10 years, 9 months ago.

Distortion square wave

I am trying to generate a square wave with PWMOUT. But when i increase the frequency, the wave would have distortion. what causes this problem? And, if the frequency is over 50KHz, there's no wave coming out. Why? How can i get higher frequency, such as 50MHz.

What are you using to view the square wave?

posted by Amador Valley High School Robotics Team 08 Jul 2013

1 Answer

10 years, 9 months ago.

I assume you are using the LPC1768. With default mbed libraries you should be able to get a signal up to 500kHz at 50% duty cycle. If you mean by distortion some overshoot for example, that isn't really a problem. If you are using a probe on your scope that can also create overshoot if it isn't properly compensated (should be a little screw on top of the probe connector).

With http://mbed.org/users/Sissors/code/FastPWM/ you can get PWM frequencies up to 48MHz at 50% duty cycle.

Accepted Answer

Thank you very much. Yeah, I'm using LPC1768. But why can I only get a signal up to 500KHz with default mbed libraries? And I also used FastPWM, which did increase the frequency. So what's the difference between the two libraries? For the distortion, I still don't know what cause this ? I meant that when the frequency was high, the waveform would change from sqaure to triangle almost. Thanks again. I'm a bigginer in this field.

posted by Shenghao Feng 08 Jul 2013

If it went from square to something like sine/triangle, you probably have either a large capacitive load on it, or your measurement device simply isn't fast enough.
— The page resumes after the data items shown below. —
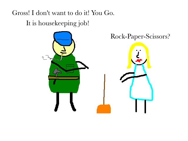 Hehe…lovely cartoons😃 I worked as a house keeper several summers and can definitely relate. One hotel I worked at had this problem sorted out well. If there was any nasty stuff that needed to get cleaned (nasty = anything with origin from the human body) there was an addition to the pay. Everyone wanted to clean up that stuff😄
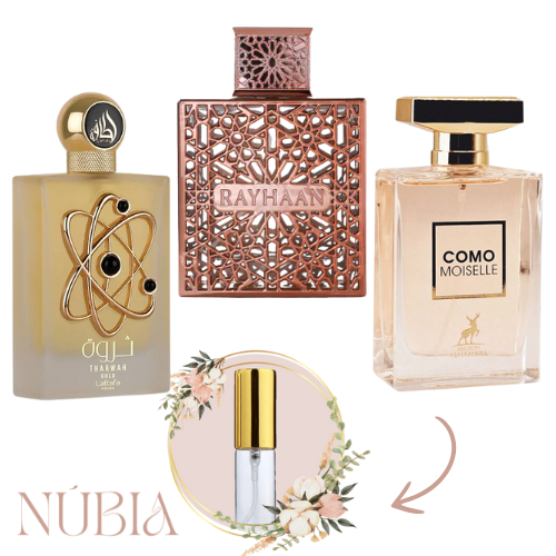 Rayhaan Divine (5 ml) — a sensação do momento: uma loucura nas redes sociais. Abre frutado (líchia, bergamota) com um toque picante de gengibre; coração floral (peónia, rosa, jasmim) e um final gourmand surpreendente de chocolate e patchouli. Viciante.
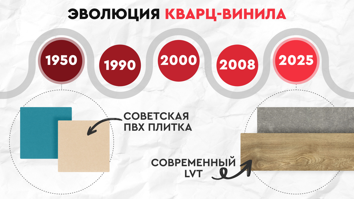 Сегодня кварц-виниловая плитка (она же LVT) — звезда каталогов напольных покрытий. Её хвалят за влагостойкость, износостойкость, простоту ухода и богатый выбор дизайнов. Но многие в комментариях любят подшутить: «Эх, в Союзе такая же плитка была! Помним мы те квадратики в хрущёвках — а теперь их втюхивают нам подороже!» Давайте разберёмся: правда ли это «втюхивание» или всё-таки мы имеем дело с эволюцией материала, который за эти годы прошёл путь от скромного «дедушки» до технологичного «премиум-пола»? Да, первая ПВХ плитка появилась в СССР. Гомогенная, однослойная, из поливинилхлорида, она выпускалась в виде квадратов нескольких оттенков — красного, жёлтого, зелёного, синего, серого. Плюсы по тем временам были весомые: Этим материалом отделывали всё подряд — от квартир в «хрущёвках» до коридоров школ и заводоуправлений. И, что удивительно, кое-где он и сегодня сохранился в рабочем состоянии — после 40+ лет службы. В Стране восходящего солнца советскую идею заметили и доработали. Так р
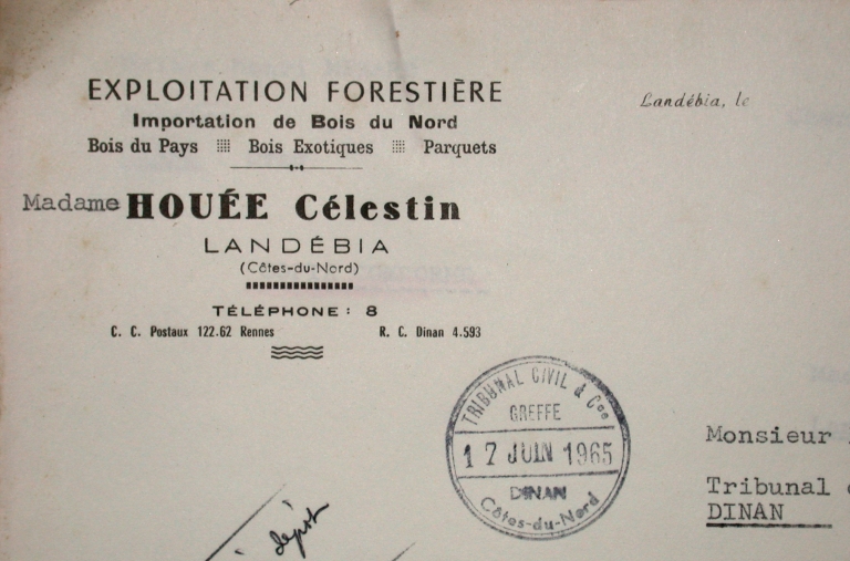 Cette scierie et cette usine de fibre de bois, fondées en 1928 par Célestin Houée, sont spécialisées dans la transformation du bois, la fabrication de charbon de bois, et le négoce de bois et de matériaux de construction. Le logement patronal semble avoir été construit au cours du deuxième quart du 20e siècle. Le 1er octobre 1945, l'entreprise se constitue en SARL Houée et fils. Le 15 juin 1957, formation entre Célestin Houée et son fils Jean, d'une société en nom collectif (Etablissements Houée et fils) ayant pour objet l'achat, la fabrication et la vente de tous objets en bois ou dérivés du bois. Durant l'hiver 1959, Célestin et Jean Houée créent la Société Armoricaine des Emballages Légers. En 1960, le capital social s'élève à 2 000 000 francs. Un an après le décès de Célestin Houée survenu en 1964, son épouse et son fils Jean forment la Société Nouvelle des Etablissements Houée dont l'objet est l'exploitation forestière, la scierie et le commerce de tous bois et dérivés, ainsi que le négoce des bois du Nord et du pays. Actuellement, l'entreprise Houée - fabrique d'emballages (cageots) et exploitations forestières - est toujours en activité. En 1965, le matériel fixe de l'entreprise Houée se compose notamment de scies à ruban, de scies circulaires et de matériel de parquetterie.
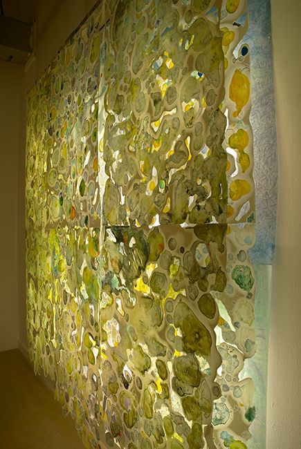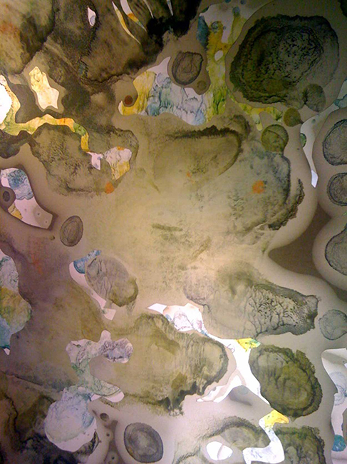 The mercurial aspects of the molten wax itself supported my interests in natural forces, systems and the sciences that illuminate them. Through research and experimentation, I learned that wax strengthens and seals paper. This enhanced strength and durability opened possibilities of working large or 3-dimensionally. Wax also renders paper translucent, allowing the transmission of light.
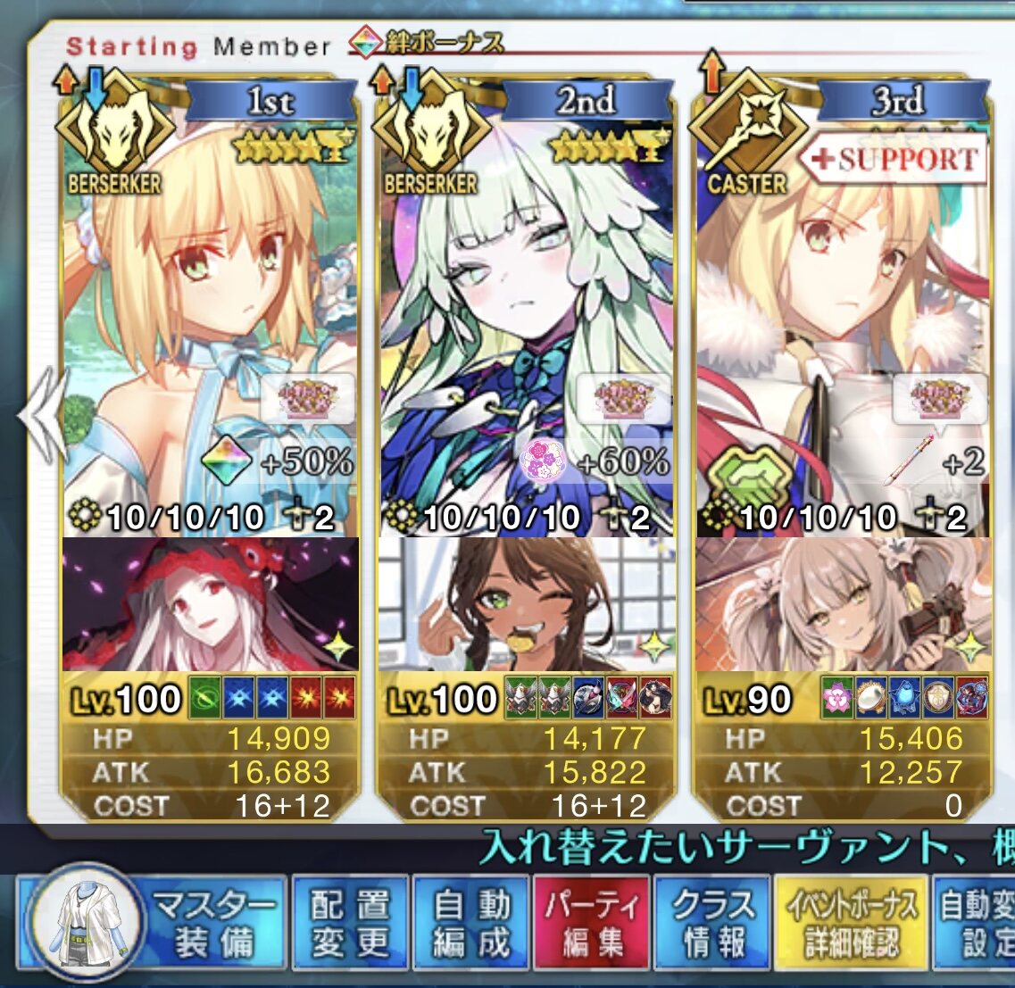 なんか自分が何かを見落とした気がするな…90++はトネリコ&バサキャス(どちらも宝具2以上)で黒聖杯もチョコバフも無くてもなんとかいけそうだな。どっちも光コヤンに特攻刺さるのが強い

The reason it is 500kHz with default library is that it has 1us resolution. So 1us high, 1us low = 500kHz. The hardware can get up to resolution of a clock period. Clock runs at 96MHz, and FastPWM allows for that resolution. So then you got 1 clock cycle low, 1 clock cycle high = 48MHz.

posted by Erik - 08 Jul 2013

Thanks! That really helps.

posted by Shenghao Feng 08 Jul 2013

Hi, I'm trying to understand the code of FastPWM.cpp in order to figure out how it allows pwm to generate 48MHz, since the PwmOut can only be up to 500KHz. I would really appreciate it if you could explain that code to me! Thank you!